Clinical Translation Gap: Limited discussion of why promising preclinical anti-inflammatory findings haven't translated to more consistent clinical outcomes.

Most cited animal studies use relatively short follow-up periods (7-30 days)
Stimulation parameters vary widely across studies, making comparisons difficult
Limited discussion of sham controls and blinding in animal studies

⇒ Thanks for your comments. We have separately included relevant explanations for the clinical application part in the “Challenges of tDCS in Neuropathic Pain” section. The “Challenges of tDCS in Neuropathic Pain” section shows as followed.

The differences in clinical application may be caused by the following aspects. First of all, the discrepancies in clinical outcomes regarding anti-inflammatory efficacy are attributable to variations in stimulation sites, parameters, and duration within the incorporated clinical investigations. Secondly, heterogeneous responses in NP patients may stem from individual variability, potentially explaining inconsistent tDCS outcomes. Moreover, the small clinical sample sizes further preclude consistent mechanistic validation.

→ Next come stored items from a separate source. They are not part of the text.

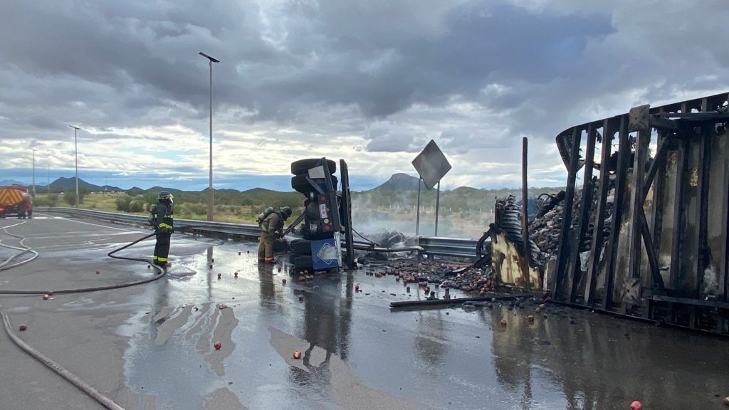 Hermosillo, Sonora.- Un tráiler que transportaba manzanas se volcó y posteriormente se incendió, durante la tarde del domingo 12 de octubre, sobre el kilómetro 237 de la carretera Hermosillo–Guaymas, bajando del libramiento en dirección de norte a sur, lo que provocó el cierre temporal del puente y un considerable tráfico en la zona.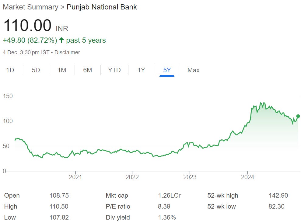 Punjab National Bank: PAT growth of 151% & Net Interest Income growth of 8% in H1-25 at a PE of 8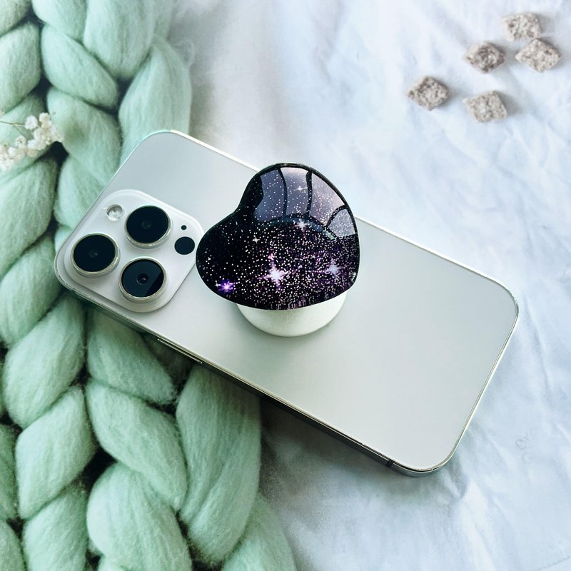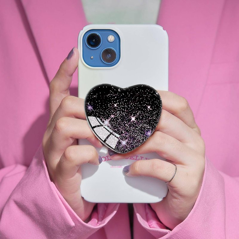 Ksadiye Expandiing Moblile Phone Grip Heart Glass Holder for Smartphones, Cell Phone Collapsible Stand( Purple Star Black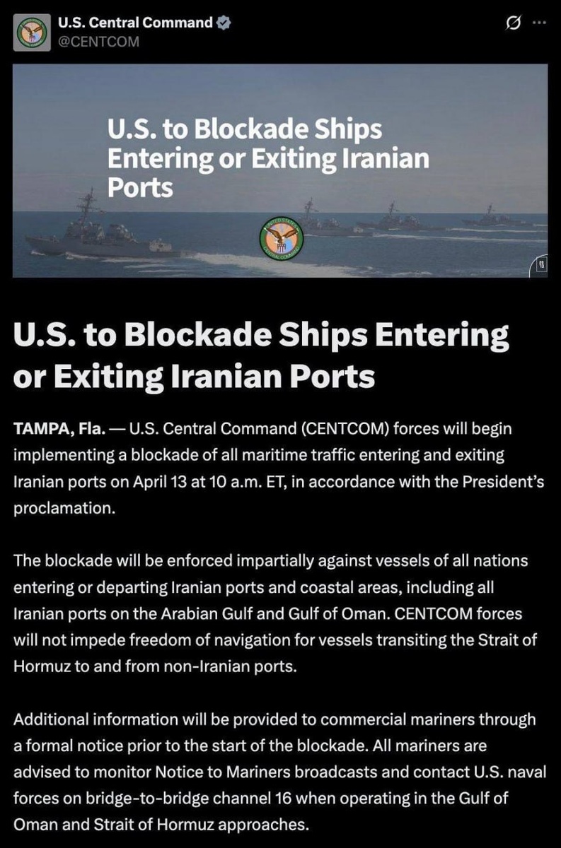 ⏺Под ограничения попадают ВСЕ суда, заходящие в иранские порты или выходящие из них — независимо от флага государства. Блокада будет действовать в акватории Аравийского моря и Оманского залива. ⏺Исключение — транзит через Ормузский пролив: CENTCOM не будет препятствовать судам, следующим в порты других стран и обратно. ⏺ Ситуация накаляется. Следим за развитием событий. #ВМС #блокада #Иран #США #CENTCOM #ОманскийЗалив #АравийскоеМоре #ОрмузскийПролив #морскаяБезопасность #геополитика Галопом по Европе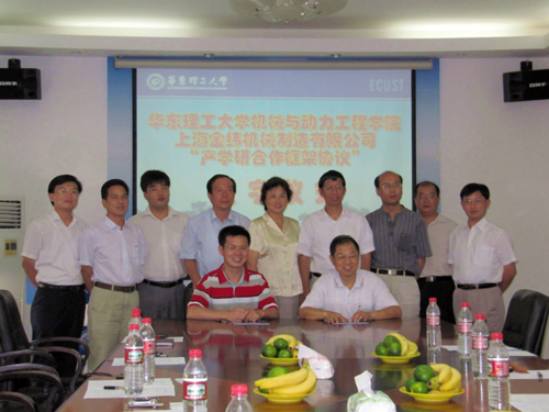 2009年8月28日下午,上海金緯機(jī)械制造有限公司與上海華東理工大學(xué)建立“產(chǎn)學(xué)研”戰(zhàn)略聯(lián)盟合作會(huì)議在上海召開。雙方將發(fā)揮各自的優(yōu)勢(shì),通過科研項(xiàng)目、攻關(guān)課題、新產(chǎn)品開發(fā)和人才培訓(xùn)等方面,在相互支持與發(fā)展中,構(gòu)建以市場(chǎng)為導(dǎo)向、產(chǎn)學(xué)研結(jié)合的科技創(chuàng)新合作體系。

Author Response File: Author Response.docx

Reviewer 2 Report

Comments and Suggestions for Authors

The scientific paper "Anti-inflammatory Pathways Mediating tDCS Effects in Neuropathic Pain" aimed to summarise the mechanism by which Transcranial direct current stimulation (tDCS) improves Neuropathic pain (NP) by regulating inflammatory mediators. After detailed reading, I can make the following considerations:

1) I recommend increasing the abstract to 200-250 words, incorporating research findings and conclusions.

2) I recommend increasing the number of keywords (up to 10), which favors traceability in literature searches in databases.

3) References in the text must be adjusted. They are not overwritten.

4) Adjust the alignment of the paragraphs. It should be "justified"

5) The images created are important, but their visibility should be improved. They are in low definition and it is difficult to see the texts contained in them.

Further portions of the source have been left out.